“What makes a good sleep tracker?”
“I didn’t sleep too well last night, and I felt so groggy this morning”
“Stressful day at work?”
“No, my stupid SleepApp didn’t work properly and I spent the night trying to get it to play relaxing whale noises. When I did drift off by myself, it didn’t wake me up in between sleep cycles. It better not fail tonight, I’ve got an important meeting tomorrow and I can’t sleep properly without it…”
Stilted conversation aside, we spend a large amount of our daily lives glued to screens of some description. These keep us active and engaged well beyond the time when we should be switching off for the night. For example, light from phones and laptops can alter our normal patterns of sleep and make it harder for us to drift off in the evening. This plays havoc with the body’s multitudinous clocks which naturally set in motion a number of chemical changes that allow us to unwind steadily before we drift off to sleep. However, that’s a point for another day.

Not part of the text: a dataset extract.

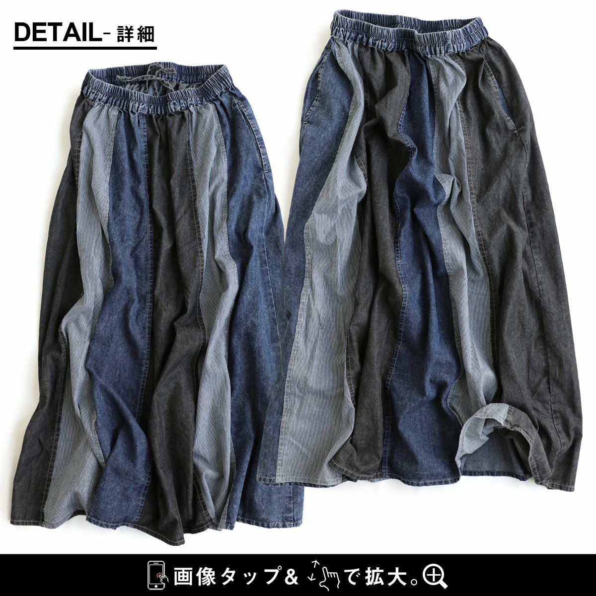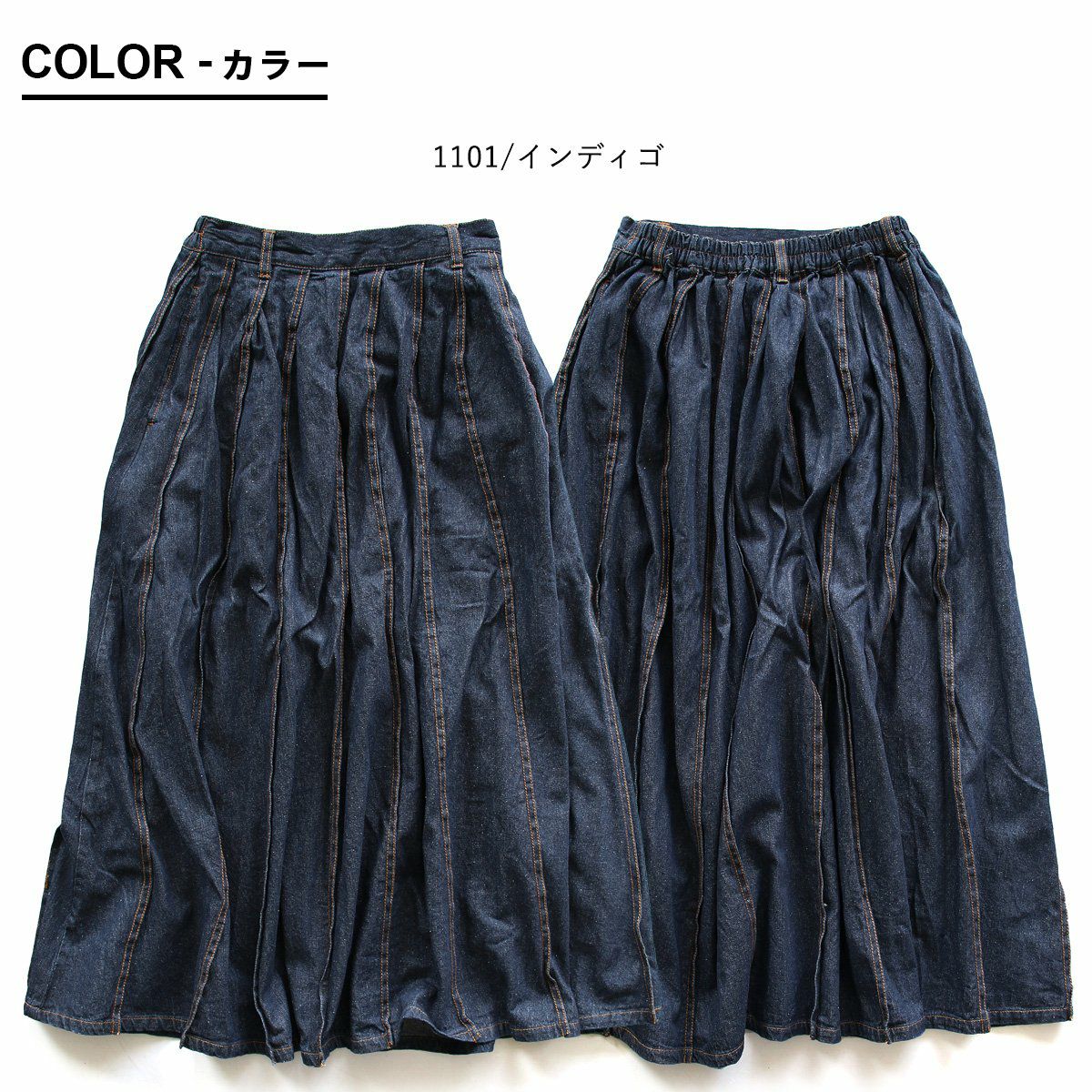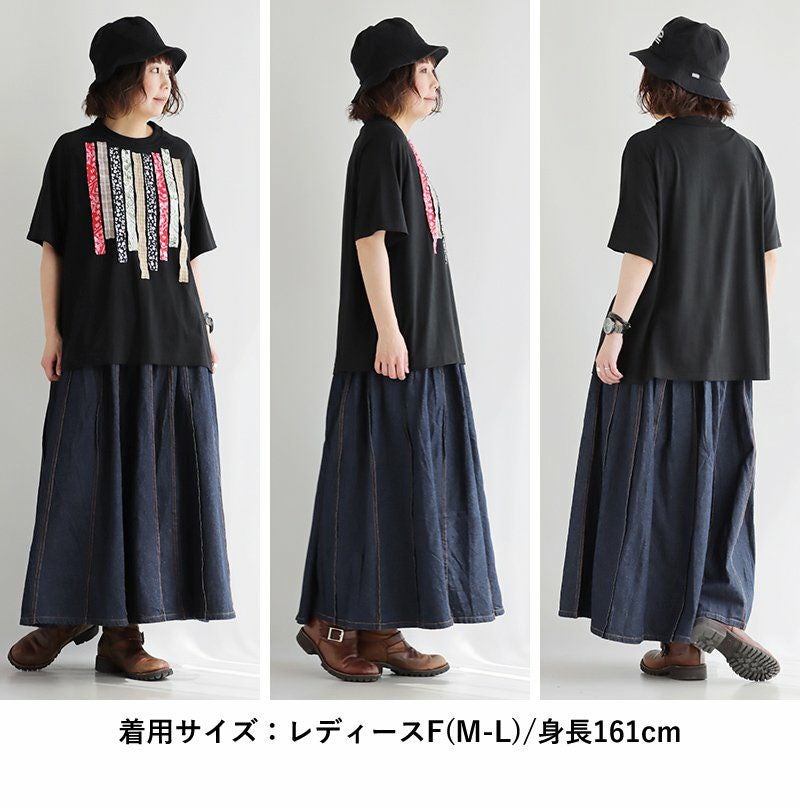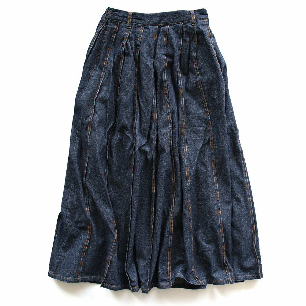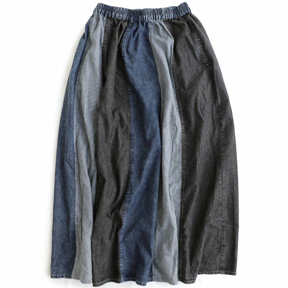 バサっと、見せつけたくなる唯一無二なボリューム感。 マキシスカート レディース スカート ロングスカート デニム ステッチ プリーツ 大きいサイズ マキシ丈スカート ウエストゴム 紐 変形 ボリューム リメイク カジュアル メンズライク パティ BLUETO ブルート

For now, I want to talk about how we use technology to seemingly help us get to sleep and to, in want of a better way of putting it, tell us that we were in fact asleep the previous night (with or without a pretty graph to go with it).
Commercial ways to assess sleep:
There were two main ways of objectively measuring sleep in the research community: actigraphy and polysomnography (See what makes a good sleep tracker?) However, the business world has managed to split this up into a large selection of methods to tell us whether we’re sleeping enough. It may be that these different commercially available devices and apps are actually pretty good but the available evidence tells a different story.
Types of Sleep Tracker
I won’t go into too much detail about all of the different types of sleep tracking devices, of which there are many, but the purpose of the below list is to show the range of ways you can measure your sleep outside of the lab.
Sleep apps developed for use on phones (e.g. Android or Apple stores) vary in cost and features which they promise. A popular sleep app for android users, ‘Sleep as Android’, has over 10 million downloads and boasts the ability to differentiate between wakefulness, light sleep and deep sleep. It also claims that it can wake you up during your lightest sleep stages in the morning to promote a “natural” awakening which supposedly avoids the grogginess and tiredness of waking up in the deeper stages of sleep. This app, amongst others, relies on movement-based information.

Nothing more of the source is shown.